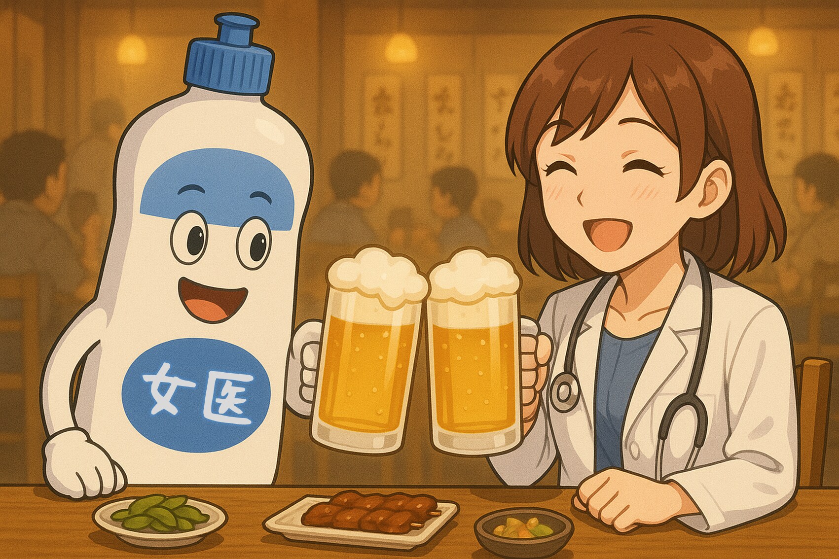 金曜日の夜、居酒屋で仲良く飲む二人
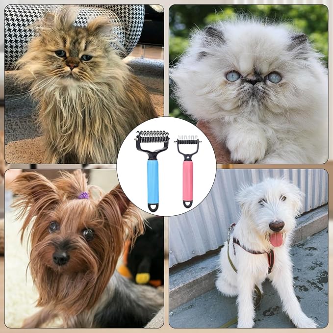 2PCS Pet Safe Dematting Comb for Dogs - Double Sided Dematting,Upgraded Pet Safe Dematting Comb for Dogs Cats, Deshedding Dog Brush Cat Dematting Tool,Dog Hair Mat Remover(Blue-Large + Pink-Small)
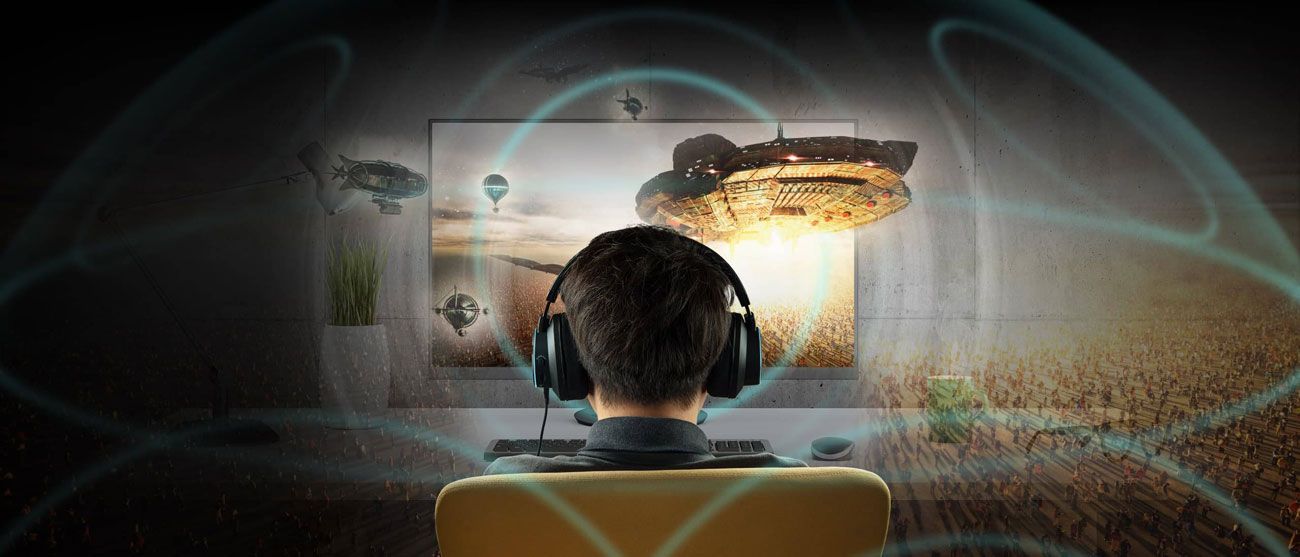 Headset podłączasz do portu USB w komputerze, a potem korzystasz z technologii Super X-Fi. To dzięki niej w muszlach rozbrzmiewa dźwięk holograficzny. Czysty, głęboki, potęgujący emocje.
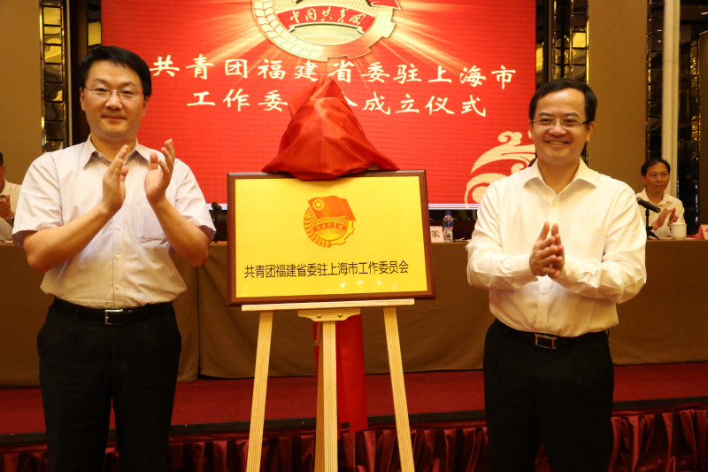 福建团省委书记何明华(右)与上海团市委书记夏科家为福建驻沪团工委成立揭牌
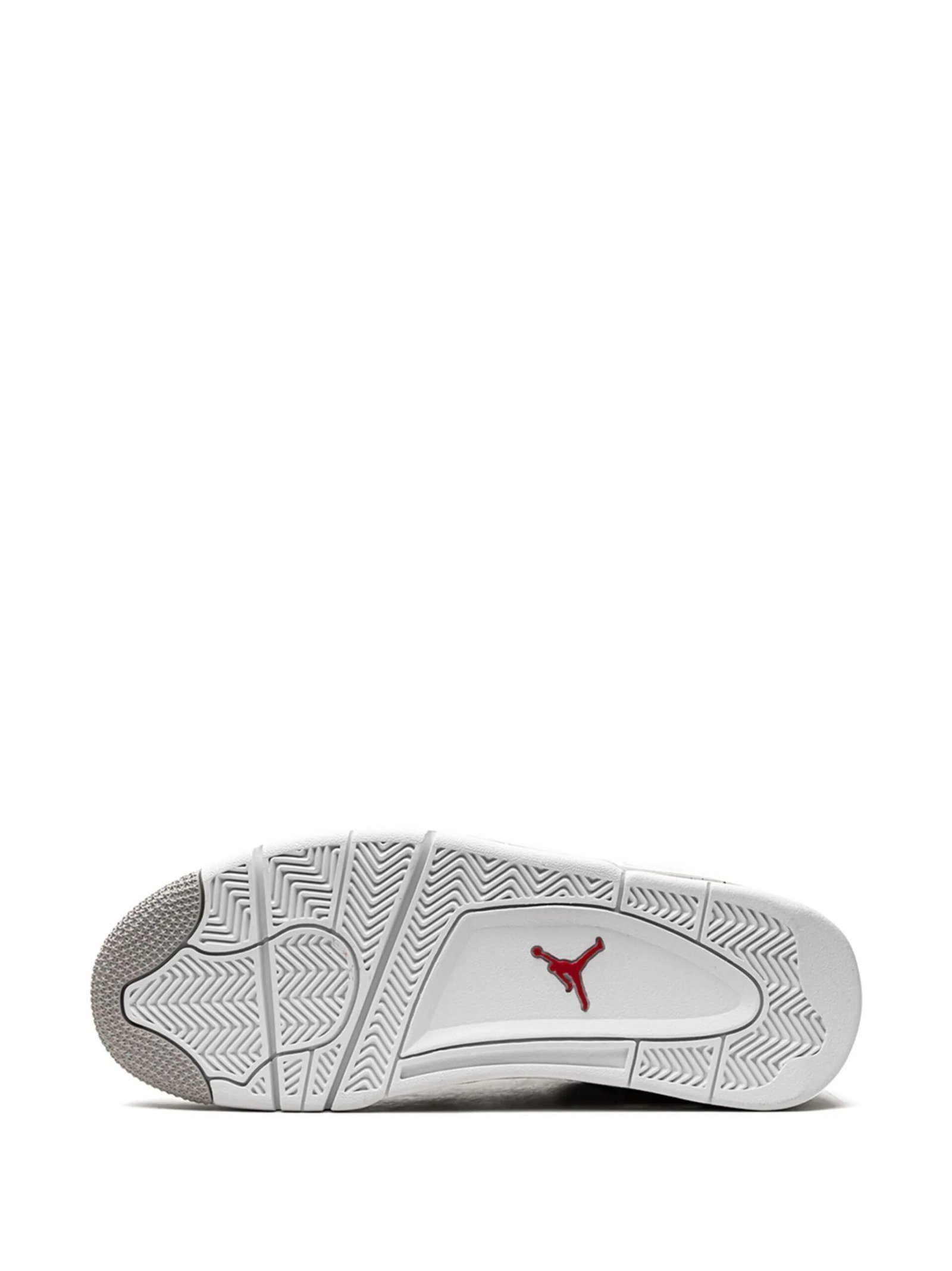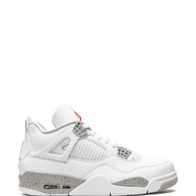 Combining the silhouette’s “Oreo” and “White/Cement” colourways, the Air Jordan 4 Retro “White Oreo” sneakers boast a monochrome design. Speckled grey detailing appears alongside the pair’s white “wings” whilst the Jumpman motif stands out in a bold Fire Red.
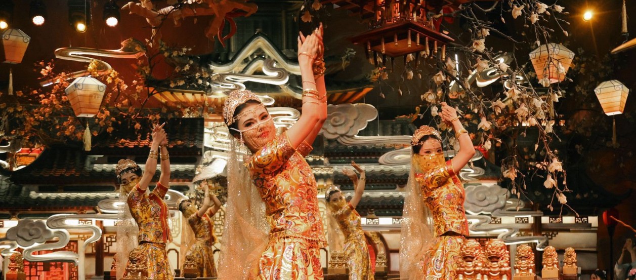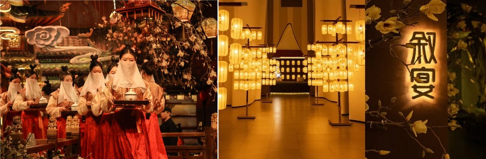 "敘宴"是一場融合了唐代宮廷宴飲、傳統歌舞表演、漢服體驗與現代光影技術的沉浸式文化晚宴。它旨在讓賓客彷彿穿越時空,回到大唐盛世,享受一場視覺與味覺的盛宴。

^^^^^^^^^^^^^^^^

The line that contains "Combining the silhouette’s" begins the range and the last line of the entries ends it; print that range exactly, without pictures.

 Combining the silhouette’s “Oreo” and “White/Cement” colourways, the Air Jordan 4 Retro “White Oreo” sneakers boast a monochrome design. Speckled grey detailing appears alongside the pair’s white “wings” whilst the Jumpman motif stands out in a bold Fire Red.
 "敘宴"是一場融合了唐代宮廷宴飲、傳統歌舞表演、漢服體驗與現代光影技術的沉浸式文化晚宴。它旨在讓賓客彷彿穿越時空,回到大唐盛世,享受一場視覺與味覺的盛宴。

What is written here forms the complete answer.